■ **DATA EXTRACT**
-- -- --
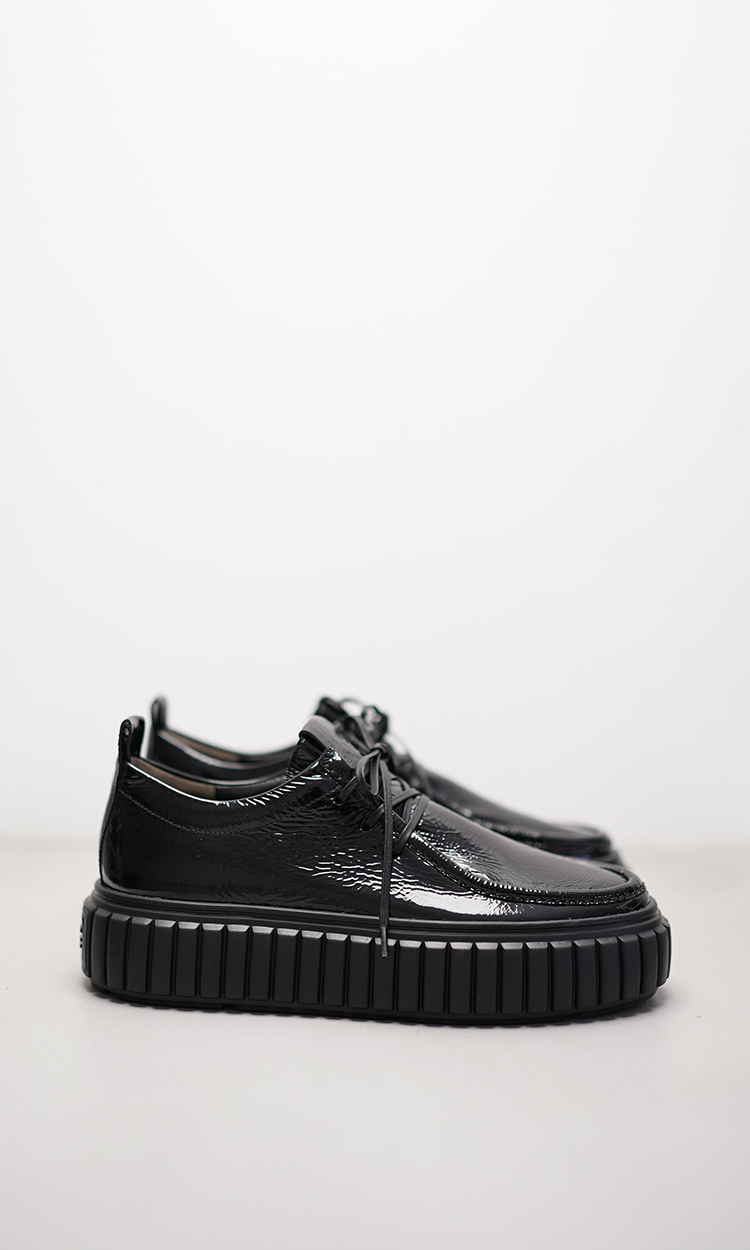 Klassik trifft auf Contemporary Chic: Dieser elegante Halbschuh-Schnürer ZAP vereint zeitlose Form mit modernem Glanz. Gefertigt aus weichem, schwarzem Lackleder, besticht das Modell durch seinen edlen Schimmer und seine geschmeidige Haptik. Die tonige Plateausohle in Schwarz verleiht dem Schuh einen urbanen Twist, während die klassische Schnürung dem Design Struktur und Tiefe gibt. Ein vielseitiger Begleiter, der Eleganz mit Alltagstauglichkeit verbindet – präzise gearbeitet, komfortabel und kompromisslos modern.
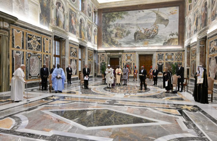 Nella recente esortazione apostolica Laudate Deum, ha ricordato il Pontefice, “ho osservato che per affrontare questa sfida c’è urgente bisogno di una riconfigurazione della diplomazia multilaterale, al fine di dare risposte concrete ai problemi emergenti e di ideare meccanismi globali capaci di far fronte ai cambiamenti ambientali, sanitari, culturali e sociali attualmente in corso (cfr nn. 37-43)”. In questo senso, ha proseguito, “il nobile e paziente lavoro diplomatico, a cui vi dedicate, deve non solo cercare di prevenire e risolvere i conflitti, ma anche consolidare la pacifica convivenza e lo sviluppo umano dei popoli, favorendo il rispetto della dignità umana, difendendo i diritti inalienabili di ogni uomo, donna e bambino e promuovendo modelli di sviluppo integrale economico e umano”.
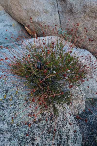 The red blooms on this plant are nearing their end - but still are striking against the grey rocks.
-- -- --
Any images must be dropped; all other material is to be printed exactly.

■ **TASK RESPONSE**
 Klassik trifft auf Contemporary Chic: Dieser elegante Halbschuh-Schnürer ZAP vereint zeitlose Form mit modernem Glanz. Gefertigt aus weichem, schwarzem Lackleder, besticht das Modell durch seinen edlen Schimmer und seine geschmeidige Haptik. Die tonige Plateausohle in Schwarz verleiht dem Schuh einen urbanen Twist, während die klassische Schnürung dem Design Struktur und Tiefe gibt. Ein vielseitiger Begleiter, der Eleganz mit Alltagstauglichkeit verbindet – präzise gearbeitet, komfortabel und kompromisslos modern.
 Nella recente esortazione apostolica Laudate Deum, ha ricordato il Pontefice, “ho osservato che per affrontare questa sfida c’è urgente bisogno di una riconfigurazione della diplomazia multilaterale, al fine di dare risposte concrete ai problemi emergenti e di ideare meccanismi globali capaci di far fronte ai cambiamenti ambientali, sanitari, culturali e sociali attualmente in corso (cfr nn. 37-43)”. In questo senso, ha proseguito, “il nobile e paziente lavoro diplomatico, a cui vi dedicate, deve non solo cercare di prevenire e risolvere i conflitti, ma anche consolidare la pacifica convivenza e lo sviluppo umano dei popoli, favorendo il rispetto della dignità umana, difendendo i diritti inalienabili di ogni uomo, donna e bambino e promuovendo modelli di sviluppo integrale economico e umano”.
 The red blooms on this plant are nearing their end - but still are striking against the grey rocks.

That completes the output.